Protecting Skin Grafts

Specialties Wound

Published

Specializes in LTC.

I tried to ask this on another site- was met by a barrage of "OMG CAN'T DIAGNOSE ON THE INTERNETS!"

Let's see if this does any better.

I have a very obese patient, with split thickness grafts to his entire abdomen. He has a small fistula to one area, that occasionally leaks stool. Someone decided to slap a colostomy bag over the fistula, and now we have a large area of graft missing, because of the fragility of the entire area.

I've also noted that he's acquired several smaller areas of shearing from what I assume is improper handling during care.

The ostomy bag is no more, and I've covered the whole thing with Xeroform and ABD pads after a call to his surgeon, but does anyone have a particular product that you think would be good to stabilize and protect the area? Maybe something to put over the Xeroform and gauze? I really don't have anything large enough to protect the whole area- it's a bit of a loose patchwork.

It's not currently infected. Total graft area, I'd say 2'x1.5' roughly.

Specializes in Acute Care, Rehab, Palliative.

You should get a wound care order, either from the MD or a wound care specialist.It would be difficult to recommend a dresing without seeing the area.

Specializes in LTC.

Oh I called the surgeon- he told me to dc the bag and apply xeroform. I just don't have any idea how to secure the whole thing to avoid further trauma. I can't get it through anyone's head that he has to be handled with caution. It's a 15:1 aide ratio- and I think they are going in there doing care by themselves. The treatment isn't my problem- it's protection.

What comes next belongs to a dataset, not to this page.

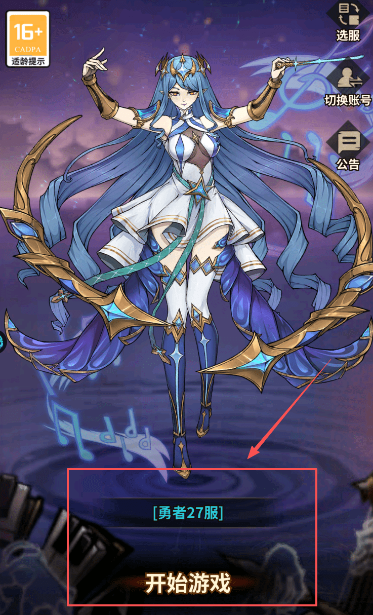 1、首先哦,你会在初始界面看到适龄提示、公告和选服等入口。

Specializes in Acute Care, Rehab, Palliative.

Did you ask your wound care specialist?

Where I work the MDs or the wound care nurse write orders for dressings including how to secure it.

perhaps putting duoderm type stuff around the area, then use Montgomery straps to secure the dressings.. Old fashioned, I know, but then you are not ripping skin off every time you change the dressing, and those things used to hold the dressing on very well.. the Montgomery straps stay on.. just untie the ties to redo the dressings..

Specializes in LTC.
perhaps putting duoderm type stuff around the area, then use Montgomery straps to secure the dressings.. Old fashioned, I know, but then you are not ripping skin off every time you change the dressing, and those things used to hold the dressing on very well.. the Montgomery straps stay on.. just untie the ties to redo the dressings..

Hey, that might work! I've never seen them used before, but I can get them through Medline. Thanks for the assist.

Are you putting a dry dsg over the xeroform? What about securing with a bunch of large tegaderms?